Function countSquares (int G[3][4],int R, int C) takes a grid, its rows and columns as input and counts the no. of magic squares present in it.
Count is used to store count of the number of such squares.
Start traversing from first element till row-2, col-2 ( 3X3 matrix )
If the middle of diagonal G[i+1][j+1] is not 5 then magic square is not possible, skip the current iteration.
Else check for all 9 elements by passing it to magicSquare( int a to i )

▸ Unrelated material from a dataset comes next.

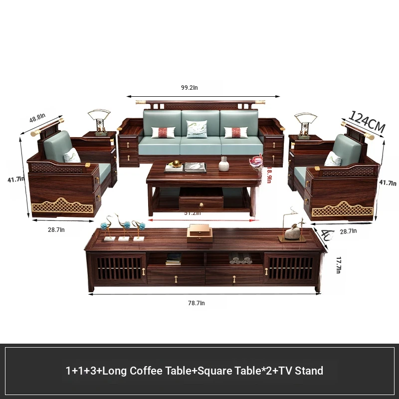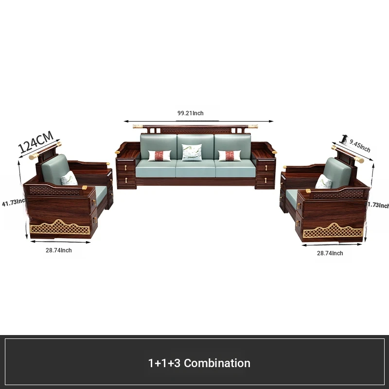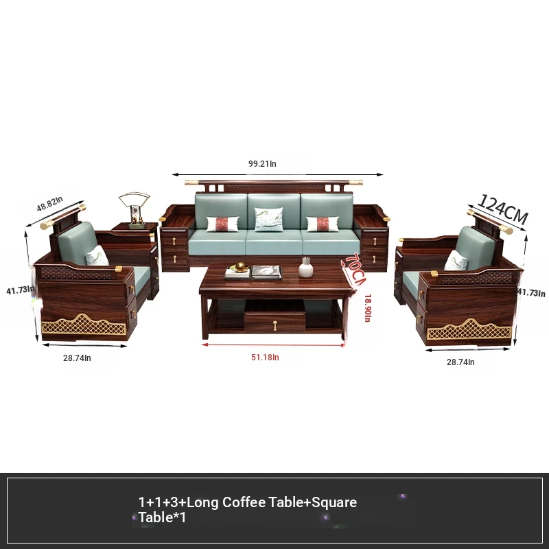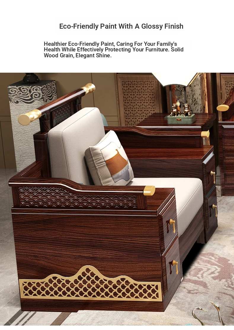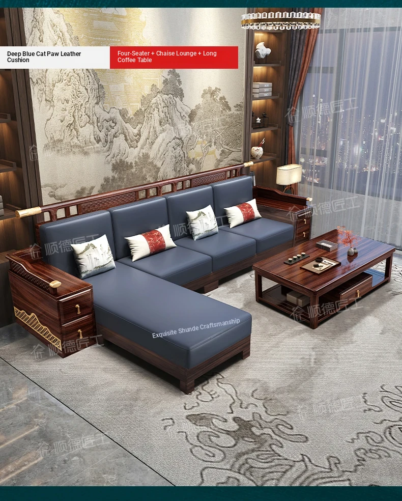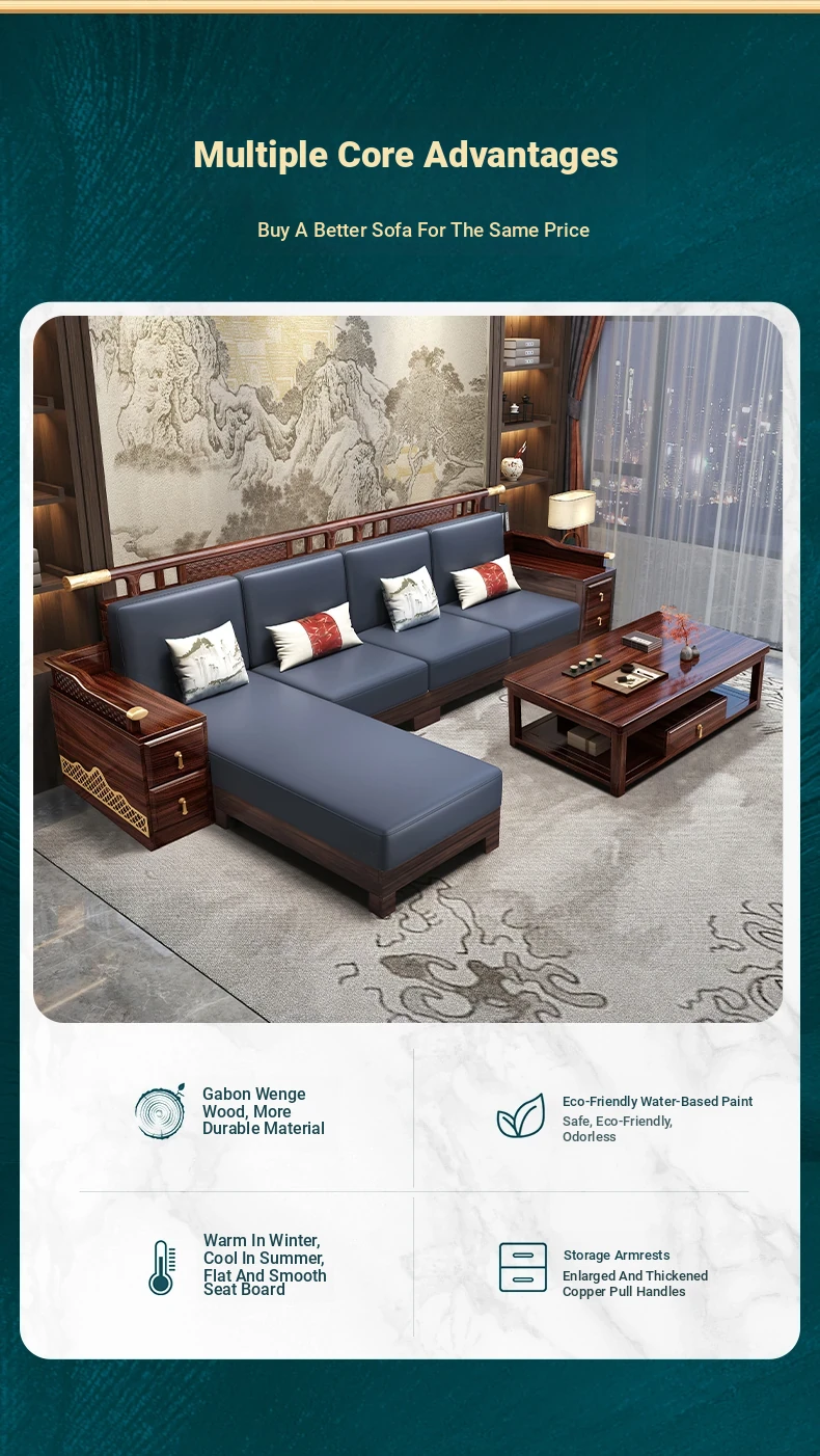 Black Walnut Solid Wood Sofa Set - New Chinese Style Light Luxury Corner Chaise Lounge for Large and Small Living Rooms - Minimalist Wooden Furniture

All 9 elements including G[i][j] are G[i+1][j], G[i+2][j], G[i+1][j+1],G[i][j+1],G[i][j+2],G[i+2][j+2],G[i+2][j+1], G[i+1][j+2]

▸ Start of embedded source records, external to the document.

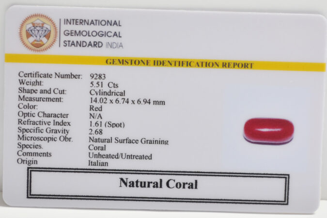 Beautiful 5.51 Cts Natural Coral (Top-Mines) sva 6+ Ratti CORAL. Free Horoscope & Free Pundit Ji Astrological Advise / Consultation. Original Natural Lab certified gems by IGI GTL / Birth stones / Large Gem Selection of shree shubh Rashi Ratan Vedic dhan at Gem Mines. May Bhagwan Brahma, Vishnu, Shiv & Universe bless you.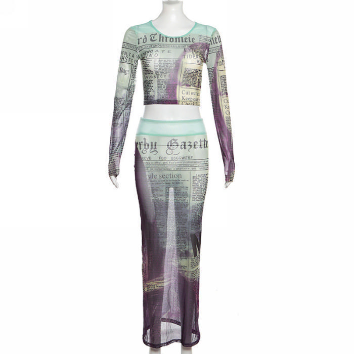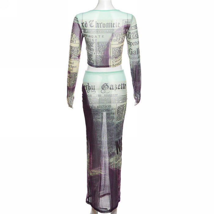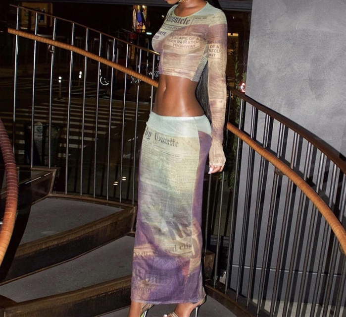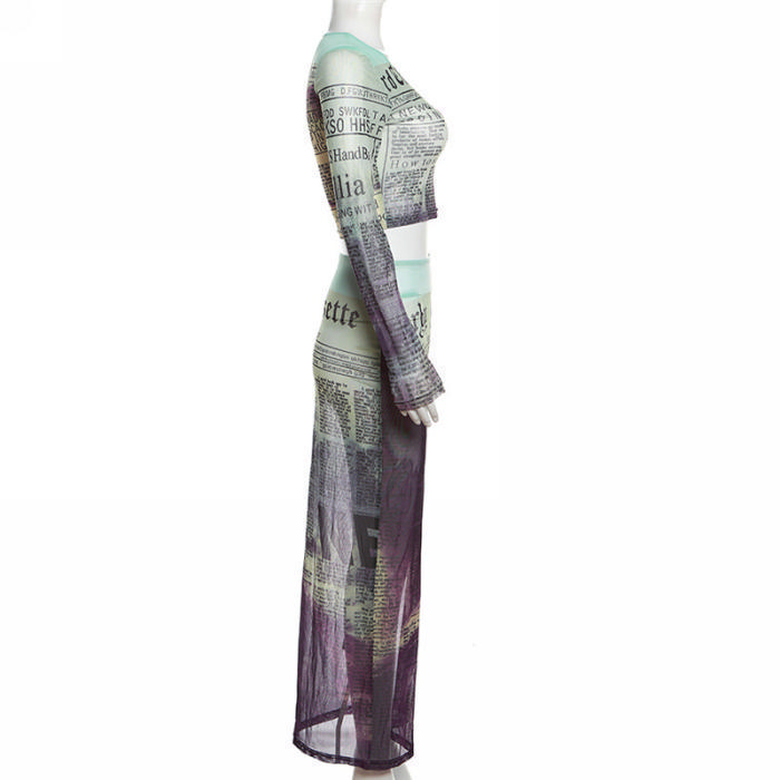 (Real Image)2023 Styles Women Sexy&Fashion Autumn/Winter TikTok&Instagram Styles Mesh Print Maxi DressSKU: #CF83275-1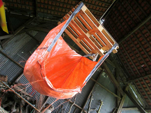 Bolsos grandes significa gran basura, aunque - tuve que cortarlos a vaciarlos bien - sí traté de colocar la bolsa a un árbol y moverse hacia adelante, pero como caballo de trabajo caliente rojo tiene sólo tracción, las ruedas se volvió casi gratis en el aire, extendiendo grava todo el mundo.

If it returns 1 increase count.
In the end return count as desired result.

Example

Live Demo

#include <bits/stdc++.h>
using namespace std;
// to check is subgrid is Magic Square
int magicSquare(int a, int b, int c, int d, int e,
int f, int g, int h, int i){
   int flag=1; // to mark all numbers are unique and between 1 to 9
   int arr[9]={0};
   arr[a-1]++;
   arr[b-1]++;
   arr[c-1]++;
   arr[d-1]++;
   arr[e-1]++;
   arr[f-1]++;
   arr[g-1]++;
   arr[h-1]++;
   arr[i-1]++;
   for(int i=0;i<9;i++)
      if(arr[i]>1 || arr[i]<1) //every number occurs exactly once{
         flag=0;
         break;
   }
   // checking all sums as 15
   if (flag==1 && (a + b + c) == 15 && (d + e + f) == 15 && (g + h + i) == 15 && (a + d + g) == 15 &&(b + e + h) == 15 && (c + f + i) == 15 &&(a + e + i) == 15 && (c + e + g) == 15)
   return 1;
   return 0;
}
int countSquares(int G[3][4],int R, int C){
   int count = 0;
   for (int i = 0; i < R - 2; i++)
      for (int j = 0; j < C - 2; j++) {
         if (G[i + 1][j + 1] != 5)
            continue;
      int ismagic=magicSquare(G[i][j], G[i][j + 1], G[i][j + 2], G[i + 1][j], G[i + 1][j + 1],
      G[i + 1][j + 2], G[i + 2][j], G[i + 2][j + 1], G[i + 2][j + 2]);
      // check for magic square subgrid
      if (ismagic==1)
         count++;
      }
      return count;
}
int main(){
   int Grid[3][4] = { { 4, 3, 8, 4 },{ 9, 5, 1, 9 },{ 2, 7, 6, 2 } };
   int row=3;
   int col=4;
   cout <<"Count of Magic Squares in Grid: "<<countSquares(Grid,row,col);
   return 0;
}